Off Balance Sheet Financing

Can someone please tell me once and for all how to deal with this: Company sold $500 in receivables review of footnotes revelas credit risk was not transferred on sale Why would someone decrease cash flow from operations and increase CFF to deal with this? Also generally how would an analyst deal with it. From my understanding it’s: Increase Current Assets Increase Current Liab and that’s it.

When they sold the receivables, they probably logged the incoming cash as cash flow from operations. You should undo that by subtracting it from CFO. Really it’s a collateralized loan, so the inflow belongs in CFF, to which it should be added. Your balance sheet adjustments are correct – A/R and short-term debt should be increased.

because the decrease of receivables have been recorded as increase of operation cashflow, but the transaction should be considered no more than collateral borrowing. So the cash inflow should be seen as a financing activity. that is why the operation cashflow should go down and the CFF should go up as an adjustment. also increase assets and liab.

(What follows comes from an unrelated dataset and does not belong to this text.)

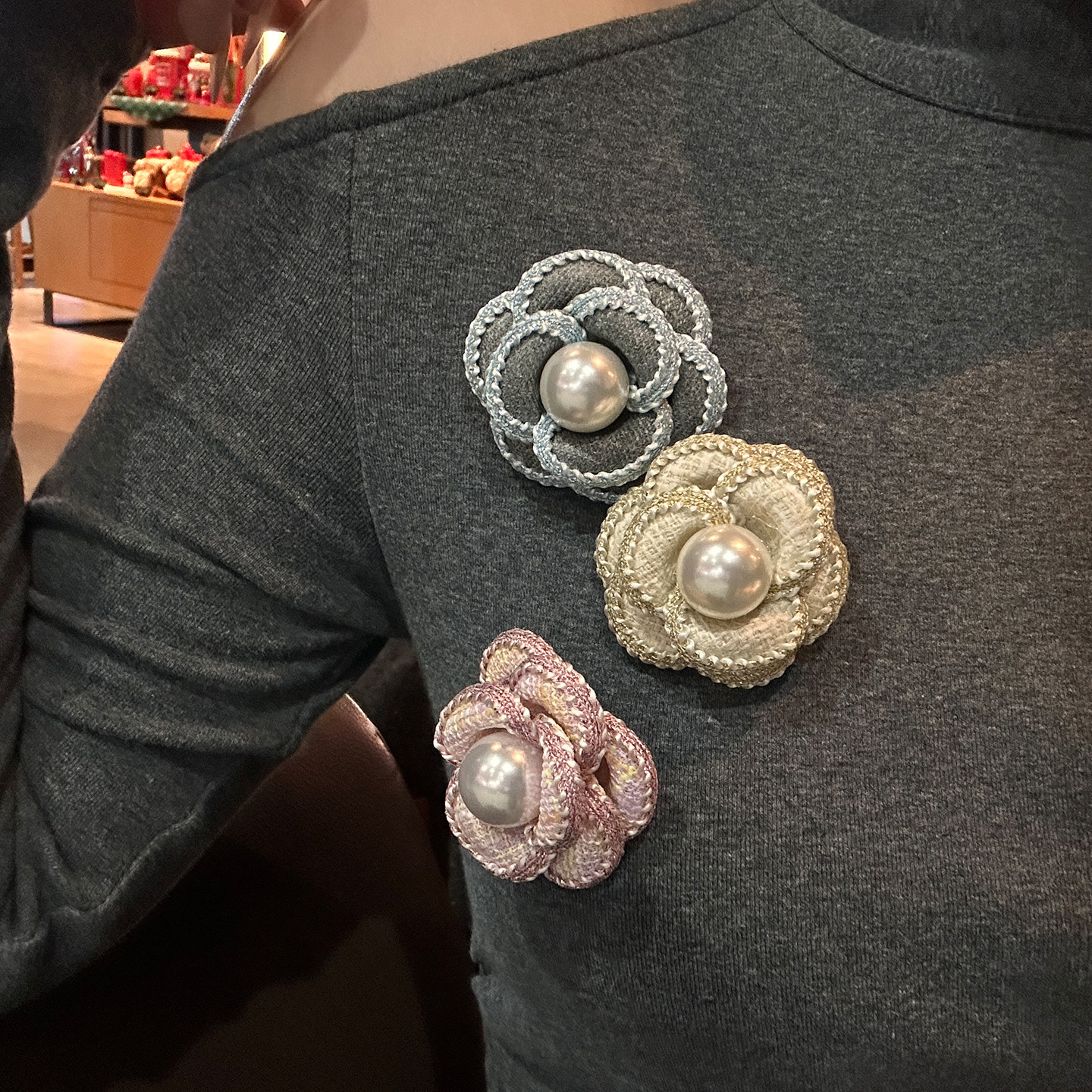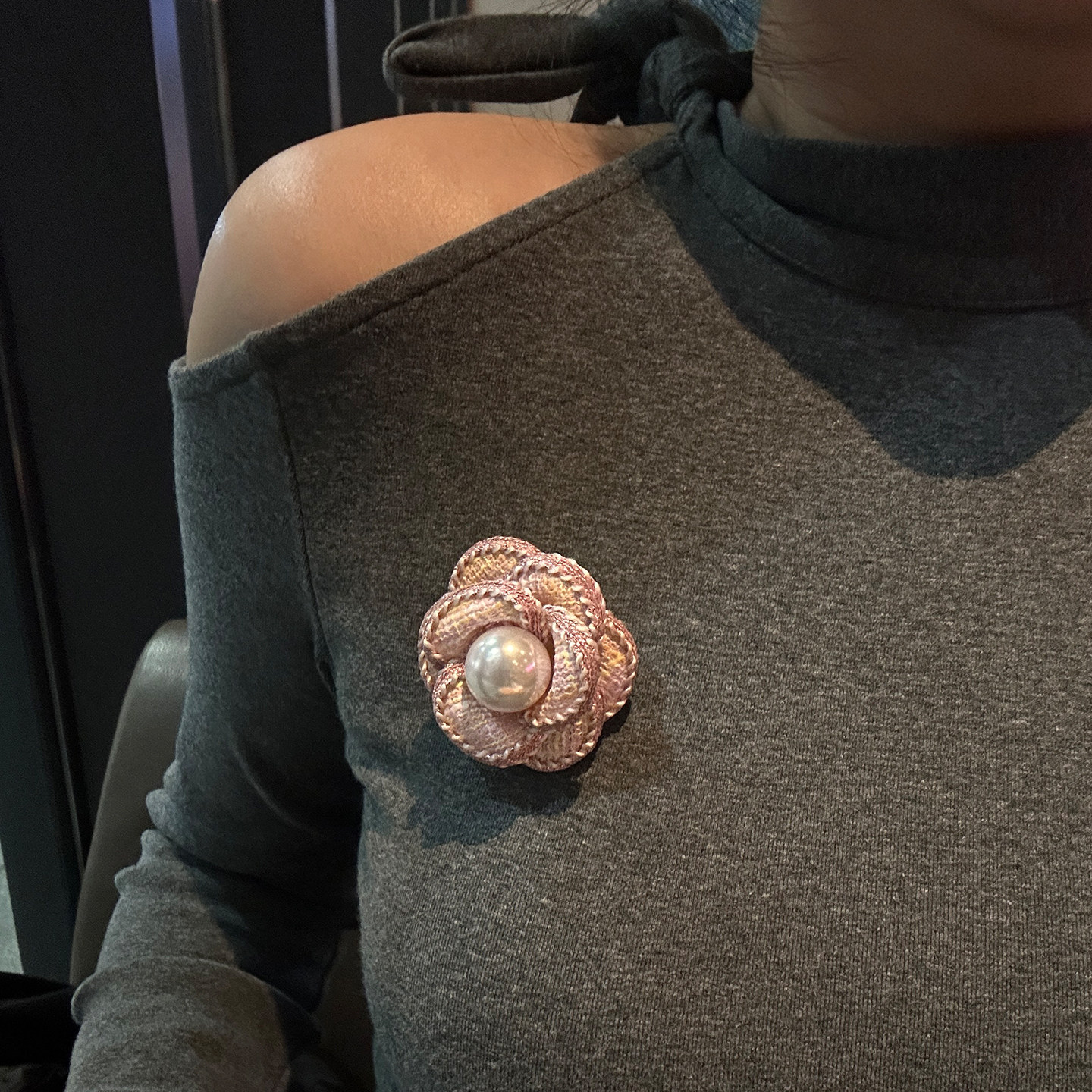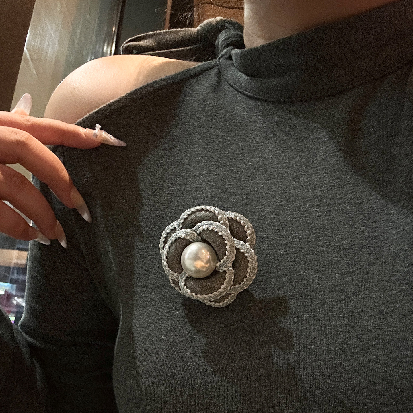 法式小香风山茶花珍珠胸针女精致胸花轻奢高级感花朵别针秋冬装饰

yup, thats exactly it… just remember: Company sold $500 in receivables

How many cents on the dollar does the firm usually sell those receivables for? Why would the purchasing firm (in CFAI test: normally a financial institution or investor group) want to take on the potential risk of not being paid (if the allowance for doubtful A/R is high in comparision to the sell of the receivables)?

Cents on the dollar depends on the types of receiveables. Many companies deal with potentially bad receivables by requiring they are replaced with non-past-due receivables (agreement may state receivables over 90 days past due are replaced by current receiables, mitigating risk to buyer)

And the company selling them. If people buy unsecured debt why wouldn’t they buy debt with some collateral? Somewhere out there is probably some study about the quality of sold receivables as debt but I’ll bet the recovery value is really high for most receivables because your first creditors are a diverse (hopefully) lot and then you have a pretty junior claim on the company which is still worth something even in dire circumstances. Anybody know the real story?

Receivables and inventory are considered very high quality collateral in most cases. For asset backed lending, the haircut on value might only be 25%. Compare that to up to 75% for fixed assets.

If I’m not wrong, I think this question refers to a factoring company buying the receivables at a certain discount in order to help the selling company smoothen its cashflows and assist in building working capital… in some cases they charge a fee. But is it to be considered as a collateralized loan?

This is the “find the economic reality” sort of FSA. Selling receivables with recourse is economically the same as borrowing money and putting up your receivables as collateral. If you recognize those are the same, you would take the sale of receivables and add the amount back to short-term debt.